BEGIN Available data

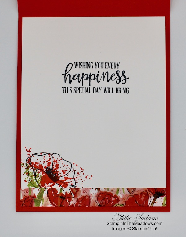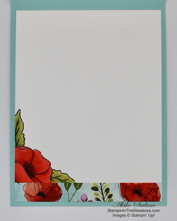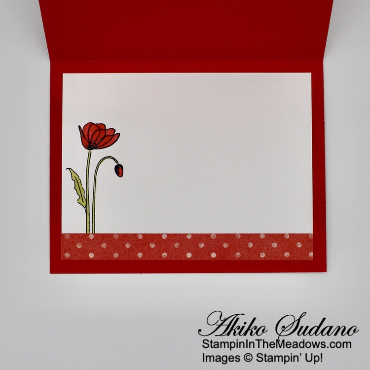 For the inside of the card, I stamped the the single poppy flower from the Stampin’ Up! Painted Poppies stamp set in Memento Tuxedo Black on a Basic White panel. I colored the flower with a Poppy Parade Stampin’ Blend and the stem and leaves with an Old Olive Stampin’ Blend. I trimmed the bottom with a strip of Flowering fields DSP and adhered the panel to the inside of the card.
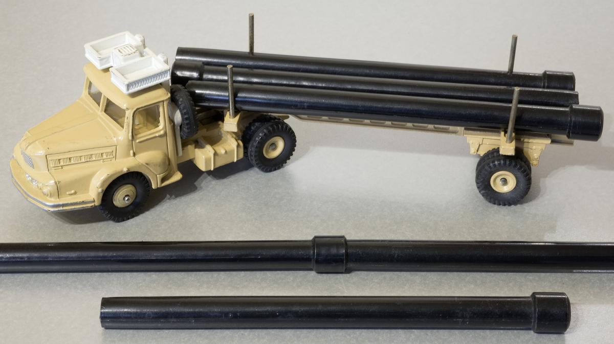 Hello Dave I am glad someone else has noticed the apparent 'lack of signing in' by many, except for one bloke by the name of 'dinkinius'! While I was in China and using my mini iPad, a strange thing happened. Although I signed out, I found when I reopened the website that I was still signed in. When I had finished, I again signed out, and the same thing happened, so I just left it with me being signed in for the next 16 days! I noticed then that frequently I was the only member on-line except during the last few days, my good mate Terry 'dinkyfan' would be keeping me company! But in the main, I was the only one, although the time difference may account for all those in Europe still in the land of nod! Having written all that, I have noticed the marked difference with those members signing in on this site as against the old site. Far more with the old site. Although those who administer this site may have access to details of which ordinary members are not privy and may very well disagree. Returning to the Unic Saharien and its pipes, the style of pipe used was aimed at the play value rather than the type of pipe the real vehicle would have carried. Normal oil pipes do not have a coupling sleeve but are in fact 'downhill welded' using a system whereby the two pipes are clamped and sealed completely by two welders working on either side of the pipe. The join is then machine tested before moving onto the next pipe to be attached. Thus the drawing on the early catalogues shows the correct pipes that would have been carried by the Unic trucks perhaps based on oil recovery in Algeria. Then, perhaps even before the model was released, the play-value came into 'play' and the type of plastic pipe changed, although one wonders why this did not follow through with the numerous catalogues etc. Kind regards Bruce (150) 20160605/931/2007
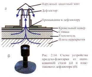 При производстве кровельных работ методом инфракрасного излучения ИК облучения с восстановлением (регенерацией) старого кровельного ковра и укладкой слоя нового бронированного материала создается монолитное покрытие крыши. При этом влага, оставшаяся в утеплителе и перекрытии, при нагревании (в летний период) начинает давить на вновь созданный ковер, в результате чего образуются вздутия (воздушные пузыри). Для устранения этих явлений, а также для просушки утеплителя рекомендуется установка продухов флюгарок из оцинкованной стали или пластиковых дефлекторов (рис. 2.14) из расчета 1 шт на 50 м2.
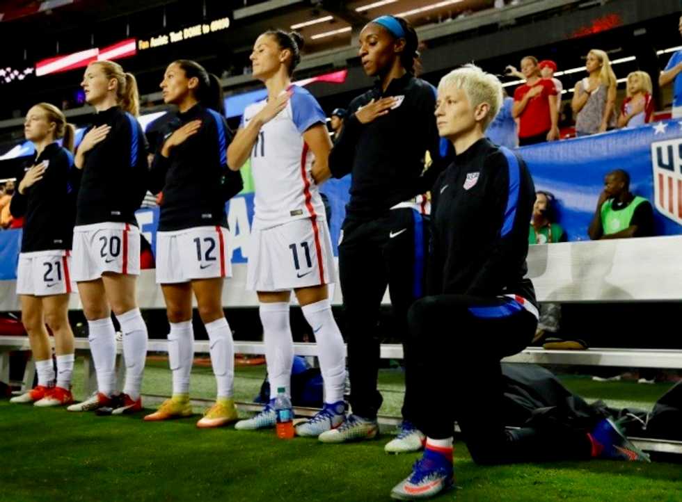 It came after US women's team star Megan Rapinoe knelt during the anthem at a 2016 international in a gesture of solidarity with former NFL star Colin Kaepernick.

END Available data

**Task brief:** Set down the material above word for word and skip its pictures.

**Final answer:**
 For the inside of the card, I stamped the the single poppy flower from the Stampin’ Up! Painted Poppies stamp set in Memento Tuxedo Black on a Basic White panel. I colored the flower with a Poppy Parade Stampin’ Blend and the stem and leaves with an Old Olive Stampin’ Blend. I trimmed the bottom with a strip of Flowering fields DSP and adhered the panel to the inside of the card.
 Hello Dave I am glad someone else has noticed the apparent 'lack of signing in' by many, except for one bloke by the name of 'dinkinius'! While I was in China and using my mini iPad, a strange thing happened. Although I signed out, I found when I reopened the website that I was still signed in. When I had finished, I again signed out, and the same thing happened, so I just left it with me being signed in for the next 16 days! I noticed then that frequently I was the only member on-line except during the last few days, my good mate Terry 'dinkyfan' would be keeping me company! But in the main, I was the only one, although the time difference may account for all those in Europe still in the land of nod! Having written all that, I have noticed the marked difference with those members signing in on this site as against the old site. Far more with the old site. Although those who administer this site may have access to details of which ordinary members are not privy and may very well disagree. Returning to the Unic Saharien and its pipes, the style of pipe used was aimed at the play value rather than the type of pipe the real vehicle would have carried. Normal oil pipes do not have a coupling sleeve but are in fact 'downhill welded' using a system whereby the two pipes are clamped and sealed completely by two welders working on either side of the pipe. The join is then machine tested before moving onto the next pipe to be attached. Thus the drawing on the early catalogues shows the correct pipes that would have been carried by the Unic trucks perhaps based on oil recovery in Algeria. Then, perhaps even before the model was released, the play-value came into 'play' and the type of plastic pipe changed, although one wonders why this did not follow through with the numerous catalogues etc. Kind regards Bruce (150) 20160605/931/2007
 При производстве кровельных работ методом инфракрасного излучения ИК облучения с восстановлением (регенерацией) старого кровельного ковра и укладкой слоя нового бронированного материала создается монолитное покрытие крыши. При этом влага, оставшаяся в утеплителе и перекрытии, при нагревании (в летний период) начинает давить на вновь созданный ковер, в результате чего образуются вздутия (воздушные пузыри). Для устранения этих явлений, а также для просушки утеплителя рекомендуется установка продухов флюгарок из оцинкованной стали или пластиковых дефлекторов (рис. 2.14) из расчета 1 шт на 50 м2.
 It came after US women's team star Megan Rapinoe knelt during the anthem at a 2016 international in a gesture of solidarity with former NFL star Colin Kaepernick.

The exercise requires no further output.